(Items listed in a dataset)
::::::::

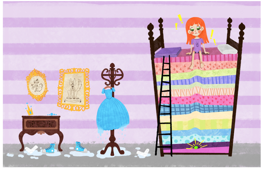 - En el tercero, a la princesa sobre su cama preguntándose qué es aquello que no la ha dejado dormir.
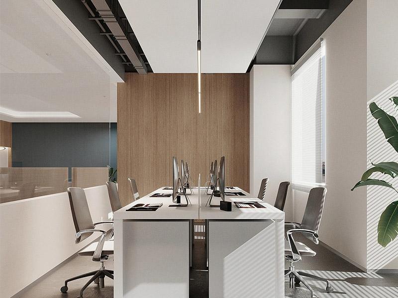 空间风格以现代简约为主调,米白、浅木与深灰为基底,搭配线性灯光与通透玻璃隔断,营造明亮通透、简约高级的氛围。开放办公区采用模块化布局,优化动线提升协作效率;高管室以温润木饰面与精致软装,凸显沉稳专业;休闲区融入弧形元素与柔和色彩,为员工提供放松角落。选材上坚持环保标准,严控甲醛等有害物质,从源头保障办公健康。
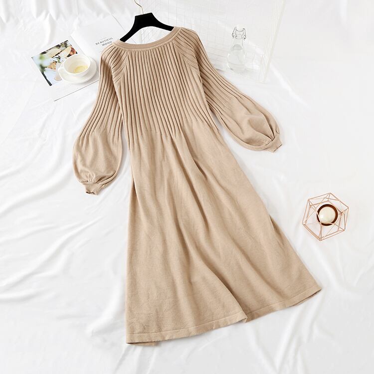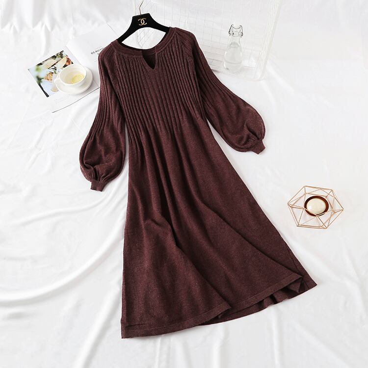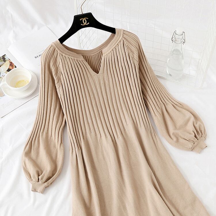ランタンスリーブ ニットワンピース Vネック ロング丈 レディース レトロ エレガント 主役 20代 30代 40代 大人女子 こなれ感 きれいめ 上品 ヴィンテージ アンティーク 可愛い おしゃれ オシャレ 大人可愛い ロングワンピース 春 秋 冬 膝下 無地 ふんわり
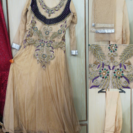 Cream Skin Embroidered Net Maxi | Women Frocks & Maxis | Medium | Worn Once
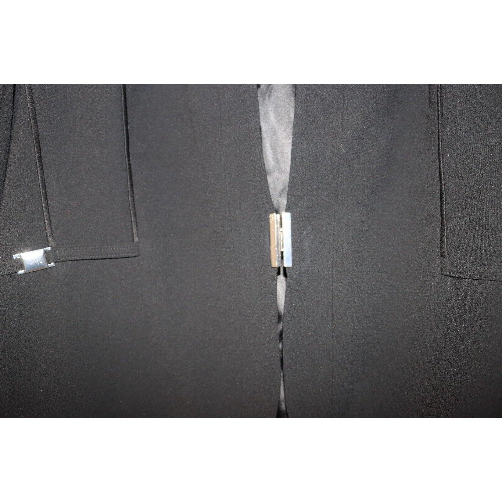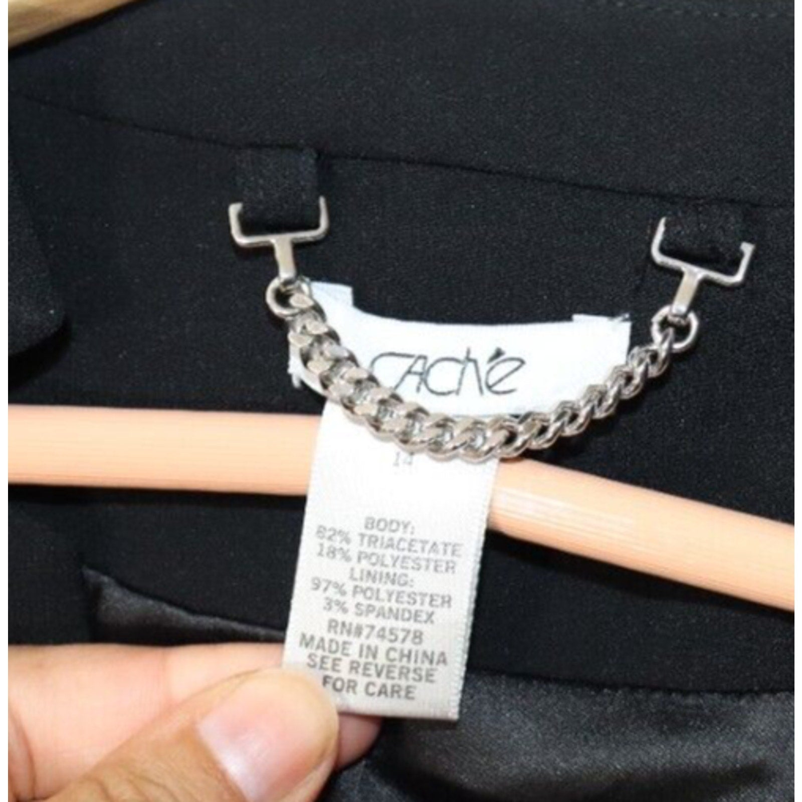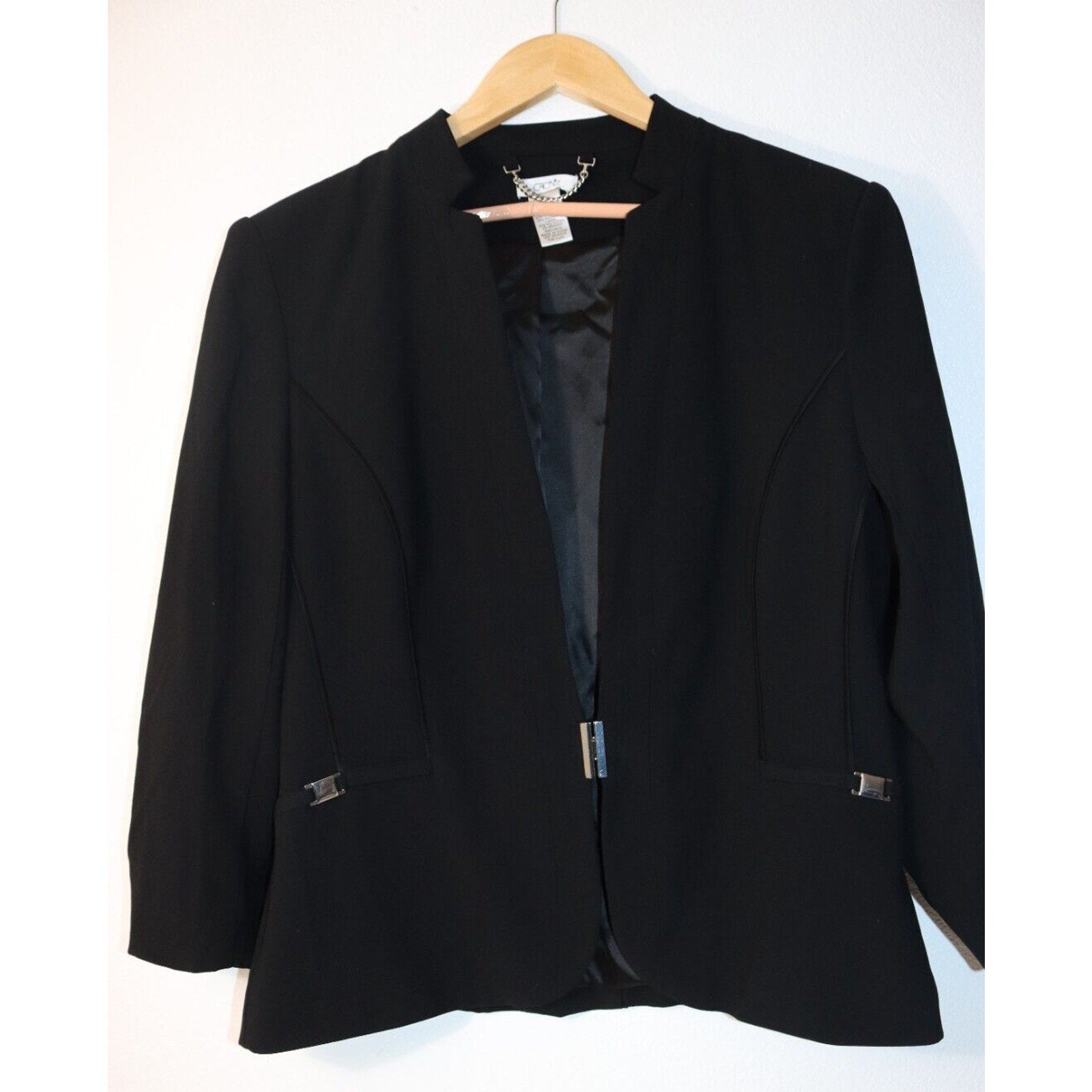 This black blazer from Caché is a classic addition to any wardrobe. The blazer features a solid pattern, short length, and silver hardware. It is made from a triacetate outer shell material and lined with polyester for added comfort. This blazer is perfect for a casual, formal, or business occasion and is available in size 14. The blazer is suitable for women and has a regular size type. It is a basic jacket style and is part of the Winter, Fall, and Spring seasons.

::::::::

Each word of the data should be repeated exactly, and the pictures left out.

### Problem solution
 - En el tercero, a la princesa sobre su cama preguntándose qué es aquello que no la ha dejado dormir.
 空间风格以现代简约为主调,米白、浅木与深灰为基底,搭配线性灯光与通透玻璃隔断,营造明亮通透、简约高级的氛围。开放办公区采用模块化布局,优化动线提升协作效率;高管室以温润木饰面与精致软装,凸显沉稳专业;休闲区融入弧形元素与柔和色彩,为员工提供放松角落。选材上坚持环保标准,严控甲醛等有害物质,从源头保障办公健康。
ランタンスリーブ ニットワンピース Vネック ロング丈 レディース レトロ エレガント 主役 20代 30代 40代 大人女子 こなれ感 きれいめ 上品 ヴィンテージ アンティーク 可愛い おしゃれ オシャレ 大人可愛い ロングワンピース 春 秋 冬 膝下 無地 ふんわり
 Cream Skin Embroidered Net Maxi | Women Frocks & Maxis | Medium | Worn Once
 This black blazer from Caché is a classic addition to any wardrobe. The blazer features a solid pattern, short length, and silver hardware. It is made from a triacetate outer shell material and lined with polyester for added comfort. This blazer is perfect for a casual, formal, or business occasion and is available in size 14. The blazer is suitable for women and has a regular size type. It is a basic jacket style and is part of the Winter, Fall, and Spring seasons.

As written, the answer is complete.